Nor are there any essential political differences posed by the governments of the self-declared left opposition to Bolsonaro, headed by the Workers Party (PT). Until last week, the aforementioned neuroscientist Miguel Nicolelis held the position of coordinator of the scientific committee to fight the pandemic of the Northeast Consortium. Of the nine governments that constitute the Consortium, four are run by the PT, two by the Brazilian Socialist Party (PSB) and one by the Maoist Communist Party of Brazil (PCdoB).

Without openly criticizing these governments, Nicolelis’ departure from the Consortium’s scientific committee laid bare the immense chasm between the capitalist policies that they have adopted and the determinations of science. This was made even more explicit by the measures taken by them this week in face of the advance of COVID-19.

The governor of Piauí and also president of the Northeast Consortium, Wellington Dias of the PT, announced this week that he will maintain restrictive measures until March 15. Wednesday’s epidemiological bulletin of the state health secretariat indicated a 71 percent rise in the moving average of deaths. Like the PSDB in São Paulo, Dias defended the reopening of classrooms in the state: “We kept the schools open because we noticed that the number of infections happening in schools was considered low and this means that the protocols were followed.”

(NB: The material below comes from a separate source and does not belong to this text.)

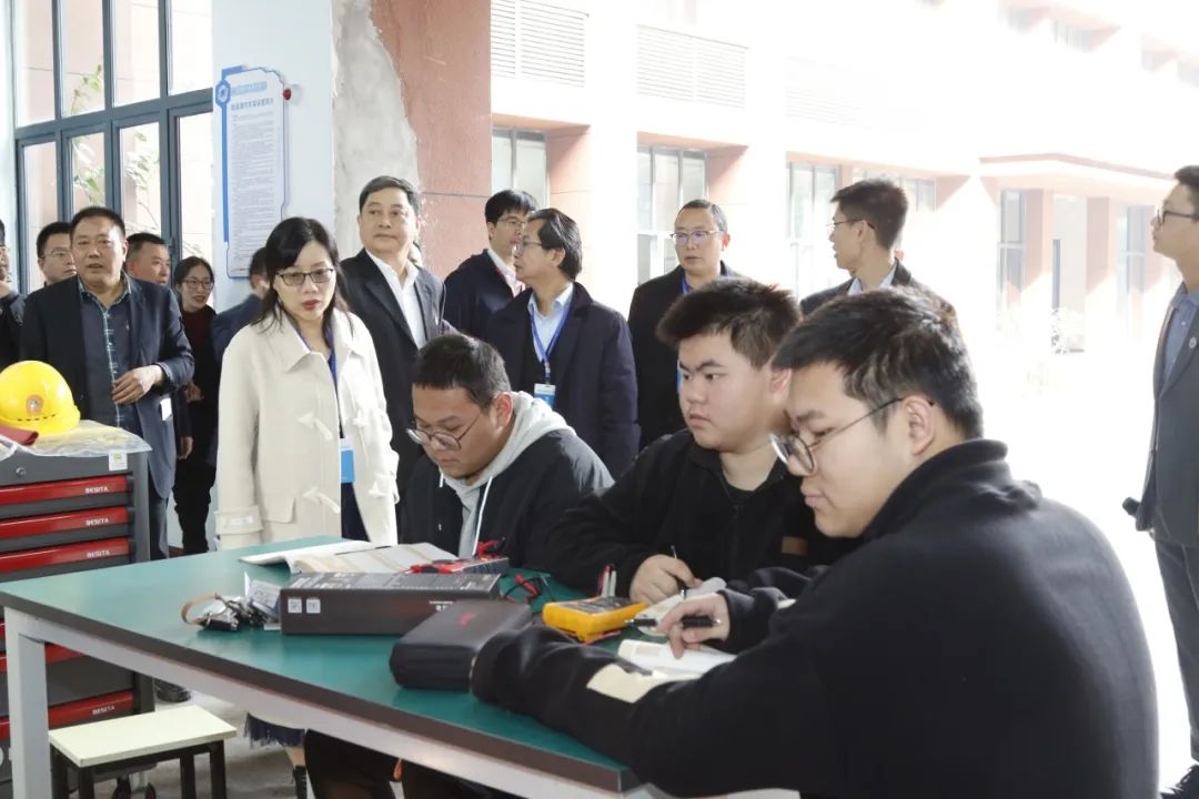 汇报会结束后,专家组在校领导和相关负责人的陪同下,先后实地察看了学校驾校科目二考场、汽车检测站、新能源汽车实训基地、汽车发动机实训室、汽车底盘实训室、汽车电气与电控实训室、电工与电子技术实训室、汽车整车实训室等校内实训场所。

A similar attitude was taken by the governor of Ceará, Camilo Santana of the PT, in a state that in February registered the highest number of COVID-19 deaths since August last year, 573 in total. Rephrasing a school closure decree from February 17, the Ceará government has defined the operation of schools for children up to the age of three as an essential activity—with the clear intention of ensuring that parents have somewhere to leave their young children while going into potentially deadly workplaces.

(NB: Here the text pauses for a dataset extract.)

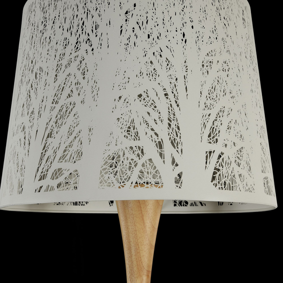 Круглый каркас из металла дополнен деревянным элементом. Использование трафаретного узора.

The course of the past year has proven that no force linked to the capitalist state offers a genuine basis for a scientific policy to combat the pandemic. The accomplishment of this task necessarily depends on a struggle against capitalism and its reactionary national state system.

As the Brazilian researcher Ester Sabino from the University of São Paulo, coordinator of the group responsible for the genomic mapping of the P.1 COVID-19 variant, correctly stated to the New York Times: “You can vaccinate your entire population and control the problem only for a short period if, elsewhere in the world, a new variant appears. It will arrive in your country one day.”

The warnings made by these progressive scientists can find an effective response only through the intervention of the sole social force capable of transforming their fundamental discoveries into concrete policies: the international working class, mobilized on the basis of a socialist program for the rational planning of the global economy.